Uzmanlar son dönemlerde yaşlanmanın farklı bir boyutuna vurgu yaparak önlem alınması gerektiğini belirtiyor. Hatta bazı ülkeler bu konuda adım atmış durumda.
Peki nedir bu önlemler?
Nüfusun yaşlı olması bağımlı insan sayısının çoğalması demekti ki, bu da üretim açısından olumsuz bir durum.
Çünkü yaşlanan insanlar pasif ve tüketici konuma gelmektedir. Uzun vadede ise üretim tüketimi karşılayamayacak duruma gelecektir böylece.
Aktif birey emeklilik sonrasında bir anda pasif duruma gelince psikolojik olarak çöküş yaşamakta ve kendisinin bir işe yaramadığını düşünmektedir.
Uzmanlar ise bu düşünme biçiminin getirdiği karamsar ruh halinin gençler üzerinde de etkili olduğunu ve toplumun "psikolojik yaşlanma" kavramıyla orta yaşlara kadar gerilediğini belirtiyor.
Bu durumun önüne geçmek için yaşlı nüfusu yeniden üretici ve aktif getirmeye çalışıyorlar.
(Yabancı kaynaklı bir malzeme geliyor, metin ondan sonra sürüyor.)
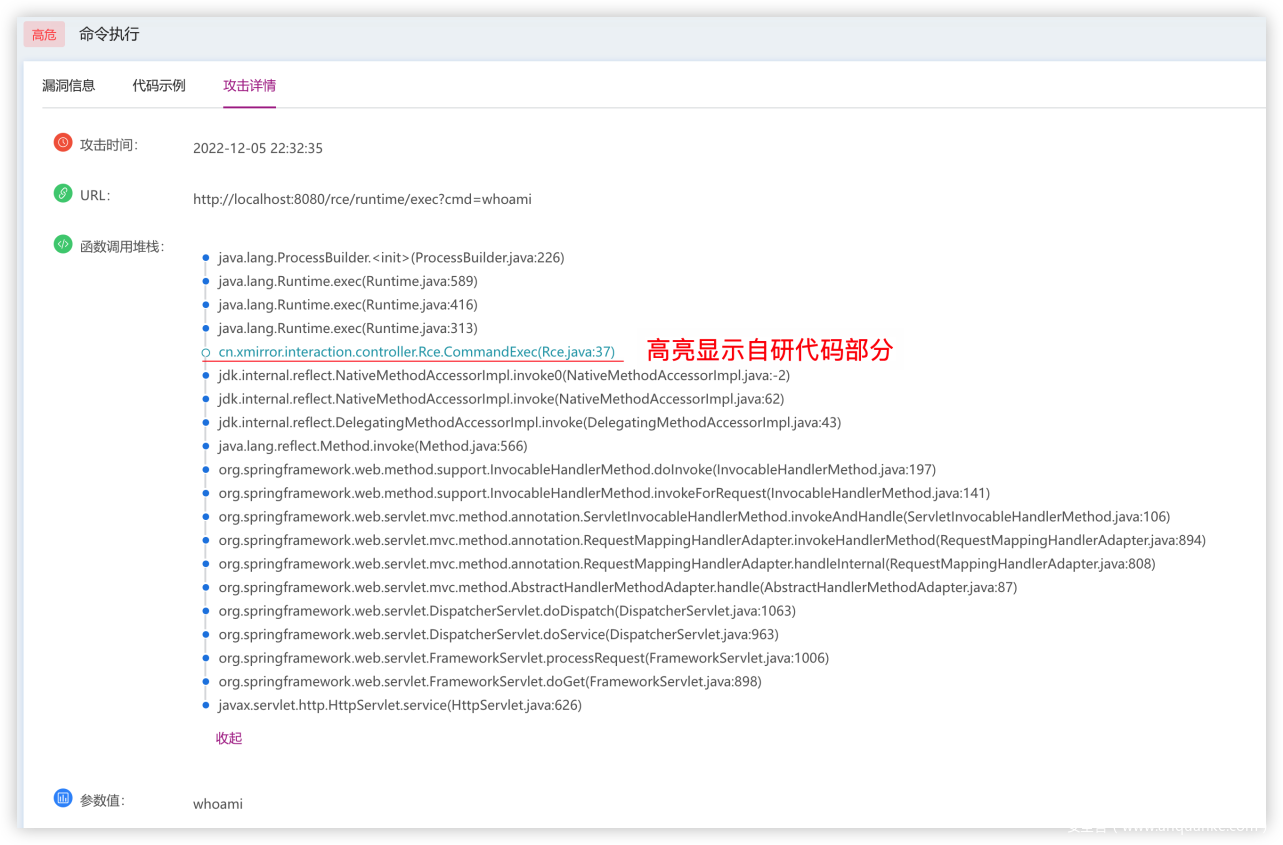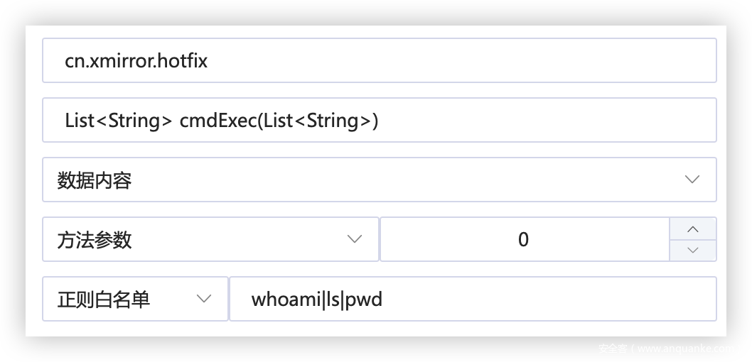这时,就可以通过RASP应用热修复对方法入参进行判断,不允许白名单以外的命令被执行: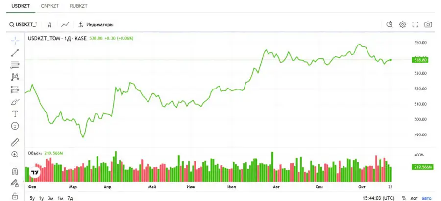 На Казахстанской фондовой бирже (KASE) средневзвешенный курс доллара составил 538,53 тенге, что на 0,08 тенге меньше по сравнению с предыдущими торгами. Официальный курс Национального банка на этот день составляет 538,56 тенге за доллар.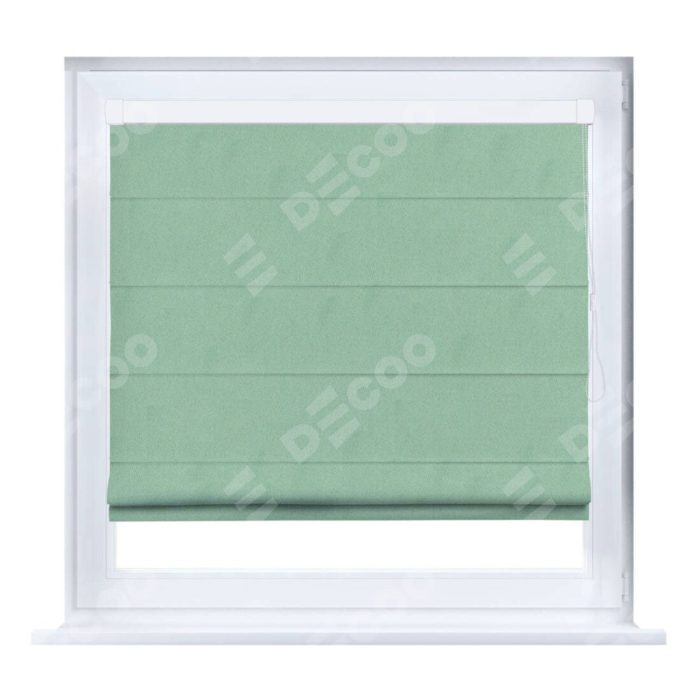 Римская штора производителя «Cortin», устанавливается на створку окна, пошита из ткани блэкаут однотонный ментоловый, артикул 91572−1. Штора шьётся по индивидуальным размерам, для данного типа римской шторы возможная ширина от 35 до 150 см., высота до 250 см.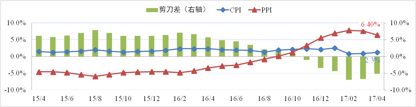 4月份CPI同比上漲1.2%,環(huán)比上漲0.1%;PPI同比上漲6.4%,環(huán)比回落0.4%。CPI連續(xù)兩個(gè)月回升,PPI連續(xù)兩個(gè)月回落,“剪刀差”進(jìn)一步收窄,物價(jià)形勢總體平穩(wěn)。PPI漲幅回落主要受補(bǔ)庫存接近尾聲、需求收縮、大宗商品價(jià)格下跌以及去年低基數(shù)效應(yīng)影響。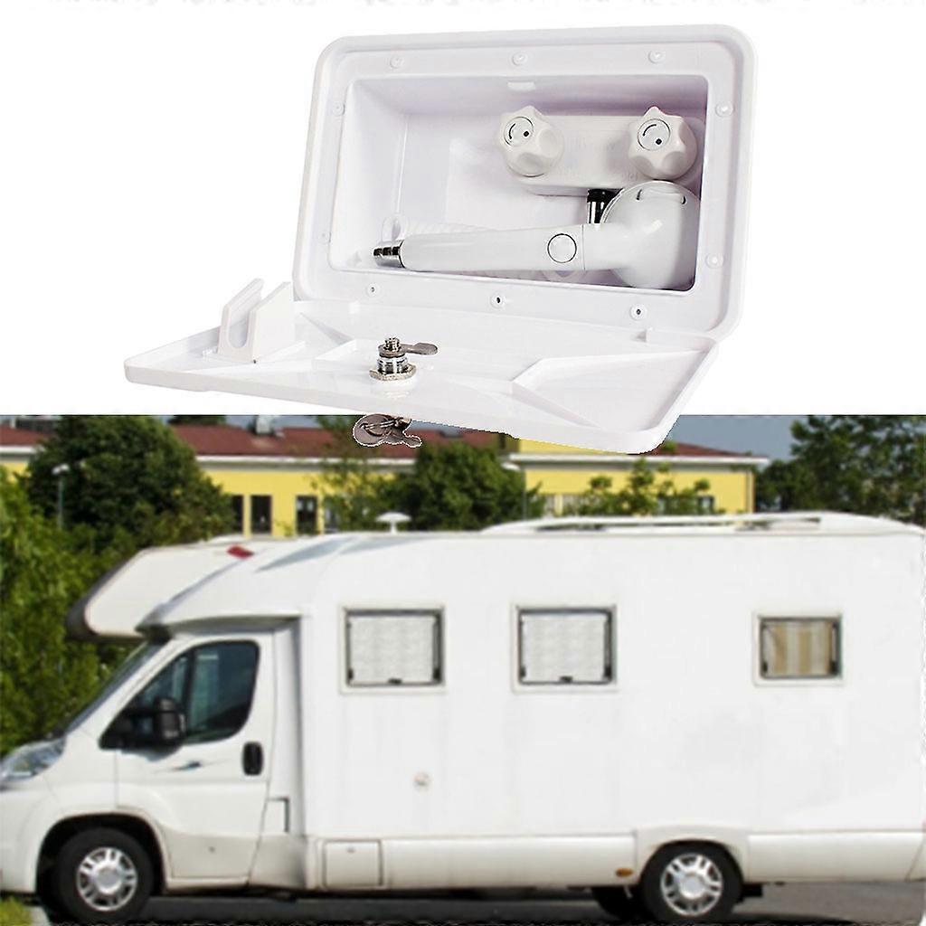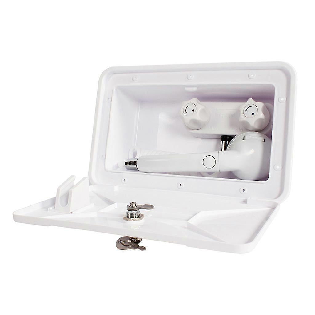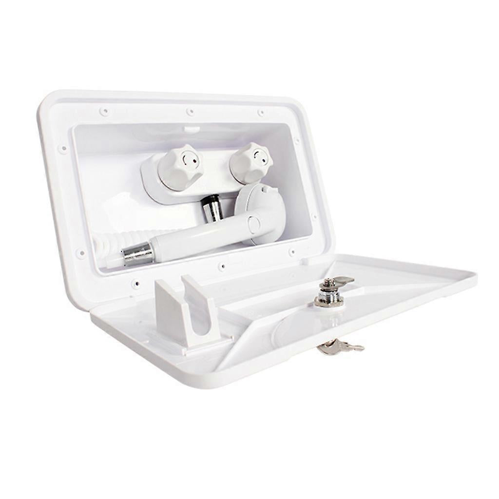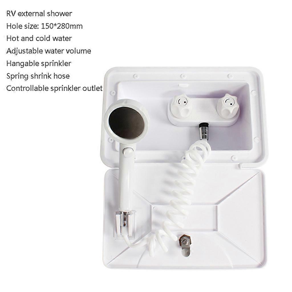 Features: and high quality Both hot and cold knobs for precise control over water temperature. This quick connect faucet also features an easy to connect nozzle so you can easily get your hose attached without any fuss. Attaches securely to your RV with long, durable studs. Unit screws into the cutout from the outside face - Screws are covered when door is closed,for Key lock ensures security. Adjustable cold water and hot water, convenient for daily use. Spring hose, automatically shrinks when not in use, no need to tidy up the hose. The sprinkler for head is switched on and off independently, and the sprinkler for head is turned on when in use, without the need to switch water to the for valve. Specifications: Material:ABS Size:Approx.33.8x21.6x12.7cm/13.31x8.5x5in Net Weight:1000g Note: Please allow 1mm errors due to manual measurement. Due to the difference between different monitors, the picture may not reflect the actual color of the item. Package includes: 1x RV Exterior Shower Box

Bedensel algılar oluşturarak "daha sağlıklı, genç gösterme algısı" kendilerine bakmalarını, spor yapmalarını teşvik etme, "gezmek sizin de hakkınız" düşüncesiyle özellikle onlara hitap eden gezi programlarının yapılması, kıyafet sektöründe canlı renkler kullanılarak yeni bir moda akımının başlatılması bunlardan birkaçı.
Amaç yaşlanma denen olguyu pozitif yaşlanma durumuna getirerek toplumdaki olumsuz etkisini giderip daha kaliteli, başarılı yaşlanma biçimini yerleştirmek.
Aynı zamanda yaşlı kesimi yeniden üreten konumuna getirerek toplumsal dengeyi inşa etmek, ve en önemli nedenlerinden biri de orta/genç nüfus üzerindeki yaşlılık algısını kırarak olumlu izlenim yaratmaktır.
Ülkemizde baktığımızda henüz geniş alana yayılmasa da son dönemlerde bu alanda faaliyet yapıldığı görülüyor.